Thus in any neighborhood of $0$ we have $f'(x) > 0$ for some values of $x$ and $f'(x) < 0$ for some other values of $x$. It follows that $f(x)$ is not increasing in any neighborhood of $0$.
Note: The above solution is inspired by an exercise problem (hints were provided in the problem) from "Calculus" by Michael Spivak.

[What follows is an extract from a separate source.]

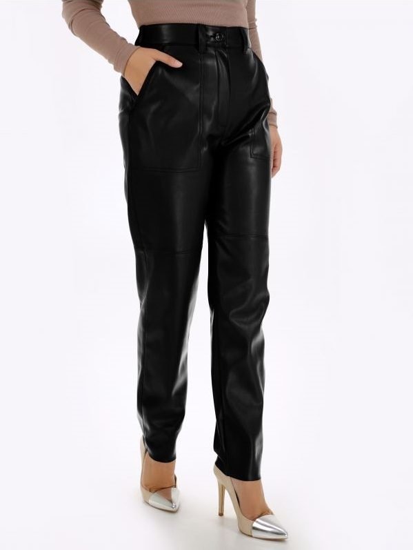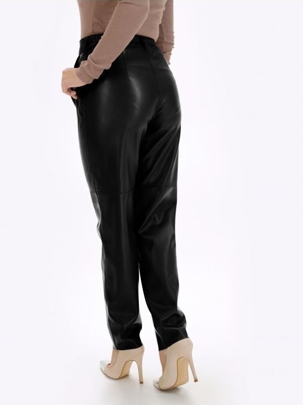 Стильные, элегантные брюки-бананы. Зауженный крой, высокая посадка. Притачной пояс застегивается на пуговицу и молнию, сзади - эластичная вставка. По поясу проходят шлевки для ремня. По бокам косые карманы, оформленные листочками. Необработанные края брюк.

Update OP's comments indicate that he has some trouble understanding the fact that there are an infinity of solutions to $(1)$ and he does not want to go for graphical considerations. Equation $(1)$ can be recast in the form $$\tan y = \frac{2y }{2 - y^{2}} \tag{3}$$ and clearly RHS tends to $0$ as $y \to \infty$. Also the RHS is negative when $y > \sqrt{2}$. Let's analyze the behavior of fraction $2y/(2 - y^{2})$ for $\dfrac{3\pi}{2} + 2n\pi < y < 2\pi + 2n\pi$ where $n$ is non-negative integer. Clearly if $$h(y) = \tan y - \dfrac{2y}{2 - y^{2}}$$ then $h(2\pi + 2n\pi) > 0$ and as $y \to (3\pi/2 + 2n\pi)^{+}$ $\tan y \to -\infty$ and so that $h(y)$ is negative as $y \to (3\pi/2 + 2n\pi)^{+}$. It follows by intermediate value theorem for continuous functions that $h(y)$ vanishes at least once in the interval $\left(\dfrac{3\pi}{2} + 2n\pi, 2\pi + 2n\pi\right)$. Since $n$ is arbitrary we get infinitely many roots of $h(y) = 0$.
Note further that for these values of $y$, $\sin y$ is negative ($y$ lies in 4th quadrant). Hence $g(y) = -(2 + y^{2})/\sqrt{y^{4} + 4} < -1$. I have no where mentioned that this $y$ is local minima. Its just local extrema. I think it is better to say that these are critical points (points where derivative vanishes) and we don't need any more information about these points in this question.
A: I thought it would be instructive to address part D, where $\alpha \gt 1$, using the information the Spivak provides the reader: $\displaystyle \lim_{y \to \infty}\frac{2+y^2}{\sqrt{4+y^4}}=1 \quad (\dagger_1)$
An important part to answering this question is demonstrating that for any $N$, we can find a $y_0 \gt N$ such that $g'(y_0)=0 \quad(\dagger_2)$. I will include the proof of this at the bottom of the post.
For an altogether easier method, consider dfnu's post on Proof clarification for Question 68 of Spivak's 'Calculus' - exploring the function $f(x)=\alpha x + x^2 \sin(1/x)$ for $\alpha =1$.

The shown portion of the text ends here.